In the greenhouse, we've tried Aubergine, but neither of us really like it so that was only one year, and we've done tomatoes (favourites are Moneymaker and Cherry tumbler) and cucumbers (I LOVE petita).

We've also got an old apple tree (cookers) and a strwberry patch and some rhubarb.

I'm going to try a wee herb garden next year, I've got some weird and wonderful stuff to try (My Russian friend brought me a selection of seeds to try when she went home once) and I just bought the Jekka McViccar herb book to learn with. So I hope to have nice fresh herbs next year growing under my kitchen window.

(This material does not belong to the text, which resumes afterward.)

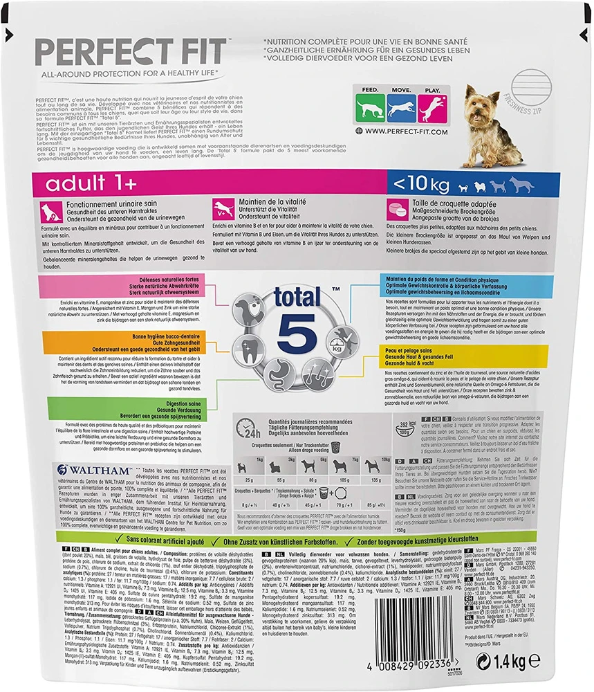 Perfect Fit Adult 1+ Rich with Chicken, qui est un aliment complet, équilibré et savoureux pour un chien de plus d’un an, de petite race (jusqu’à 10 kg) se distingue par sa recette, spécialement adaptée aux besoins d’un petit animal. Des vétérinaires et des nutritionnistes ont participé à son élaboration. Les scientifiques du WALTHAM Institute of Animal Science se sont penchés sur les problèmes de santé les plus courants chez les chiens et, à partir de là, ils ont créé un aliment avec la formule Total 5. Cette recette prend en charge les 5 domaines les plus importants pour la santé de votre animal : assurer un système immunitaire fort, prendre soin de la bouche, une digestion saine, la peau et le pelage, et aider à maintenir une condition et un poids corporel optimaux.

Ohhhh... I know I'm going on - but I'm all exipitated now! I _never_ get to talk gardening with anyone! Just DH! Everyone else thinks I'm a boring old granny!









I've just got a new patio done (it was finished the day before yesterday... that's where my herb garden is going to go) so my greenhouse is in a right mess with all sorts of things crammed into it.  I'm going to clean that out and do onions from seed this year and sweetpeas for show (I'm not going to actually show them - I just want to see if I can grow them that way), so I'll start that at the beginning of October.

Okay - I'll shut up now... I've gone on for far too long already... well done if you're still reading!









Thanks Jennifer for telling me about this thread!


----------



## Jennifer (Jul 22, 2004)

Corrrrrrrrr BG !!  I am glad I told you about this now - sounds like you need to get a lot of gardening off your chest 

Looking forward to veg gardening with you


----------



## Broodygirl (Nov 22, 2004)

*Jennifer* - I am a coiled spring - pent up with unspent gardening chatter like you wouldn't believe!


----------



## Broodygirl (Nov 22, 2004)

*Lorri* - Sorry to hear about your caterpillars but like CathyA saya, the best thing to do is to put fruit netting over them when you plant them out, which you can do next year.

In the meantime, what I did before I got my netting (or knew to use it) was going out every single evening and wiping the underside of every brassica leaf with some warm soapy water. It's a pain, but it works and you'll see all the wee eggies on there. I just wiped them off and the next night started again and they never got a chance to hatch so no caterpillars munching my crops!

I did feel a wee bit guilty about wiping out the butterfly population so I planted a few sacrificial plants in the corner and that kept my conscience at bay.


----------



## Lorri (Apr 17, 2005)

Thanks for the tips !  I think it may be too late, not much leaf left on them now. I should have picked them off sooner.

I  have cherry tomatoes and beans too that I planted this year, and they are doing OK. I have an inherited herb garden, and am not sure exactly what everything is, its a bit neglected, as I haven't had a lot of time lately.  I have a tub with strawberries and a rhubarb and raspberry plant.  Everything that grows in my garden tastes soooo much better than anything I buy.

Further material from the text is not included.